Apple has changed its inventory management policy for iPad 2 deliveries, having its retail stores hold on to new shipments until the next day in an effort to ease the sales process for both customers and employees, AppleInsider has learned.
A person familiar with Apple’s retail operations informed AppleInsider this week that the new shipment of iPad 2 stock sold by some stores on Tuesday was actually delivered on Monday. Apple is said to have elected to hold the inventory for a next-day sale to grant its inventory control specialists the time to “calmly and accurately” process new shipments.
It was suggested that the change could be a “lesson learned” following the launch of major in-demand products in 2010: the iPhone 4 and first-generation iPad. For those launches, Apple’s reservation system was said to have been plagued by a myriad of problems, including technical glitches that caused reservations to disappear, and resellers attempting to “game” the system.
Apple’s previous strategy was to get products from the pallet to the shelf as fast as possible. But that approach was said to have caused “utter havoc” for Apple’s retail employees, and led to inventory inaccuracies.
While some retail employees may have said to customers that this Tuesday’s relatively small new stock of iPad 2 units was delivered that same morning, that information was characterized to AppleInsider as a “little white lie” told to “avert the wrath of customers.”

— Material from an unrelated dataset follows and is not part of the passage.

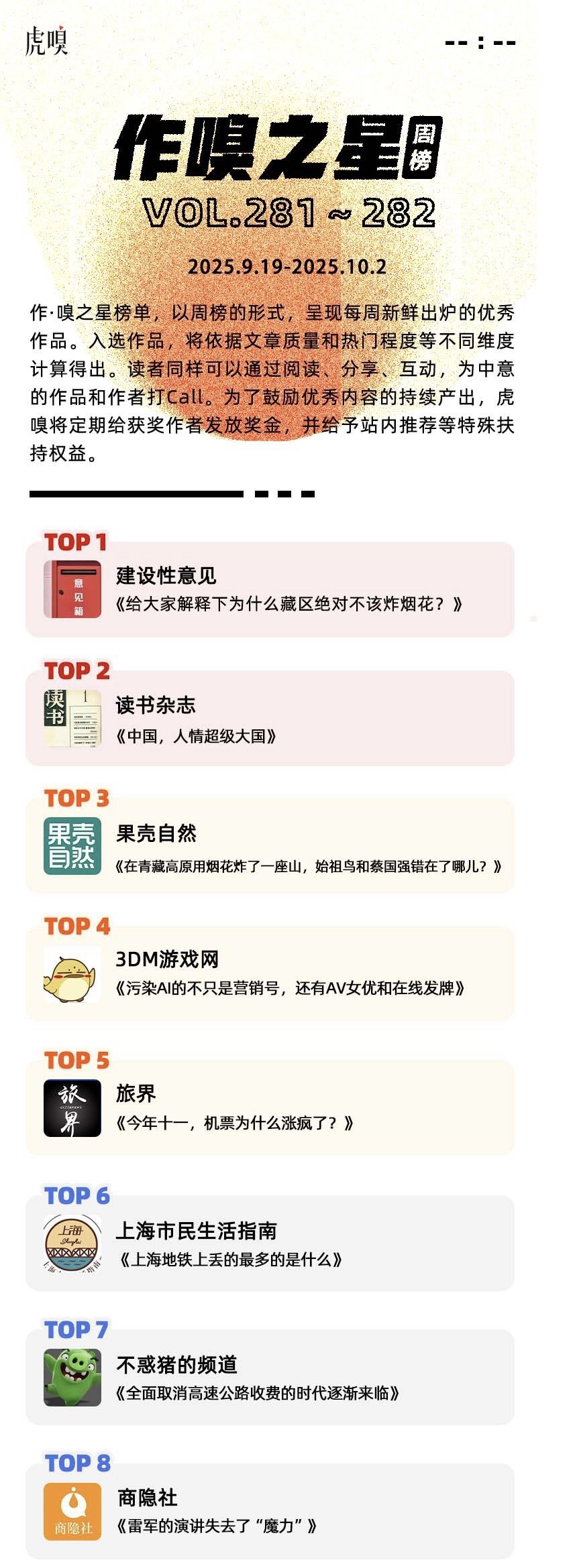 作·嗅之星榜单,以周榜的形式,呈现每周新鲜出炉的优秀作品。2025年9月19日~2025年10月2日,虎嗅第281~282期,作·嗅之星的获奖文章分别是:

For its part, Apple has made no official statements at the corporate level regarding a timetable for new iPad shipments. This week, the company simply said that customer interest in its second-generation tablet has been “amazing” and that it is “working hard” to meet demand.
iPad 2 line Wednesday at Apple’s Fifth Avenue store. Photos from reader Ric S.
Separately, AppleInsider has also learned that Apple also made tweaks to its online ordering system in order to prevent onlookers from projecting the number of iPad 2 orders placed through its Web store. Last year, for the first-generation iPad launch, enthusiastic users at the Investor Village AAPL Sanity Board compared order numbers and cracked Apple’s code to calculate total sales.
In response, a person familiar with Apple’s ordering systems explained that the company changed its Web order number generating method to a random number. Now, online order numbers have no relation to how many units have been sold.
An iPad 2 line this week at The Mall at Millennia in Orlando, Fla. Photo from reader Chris S.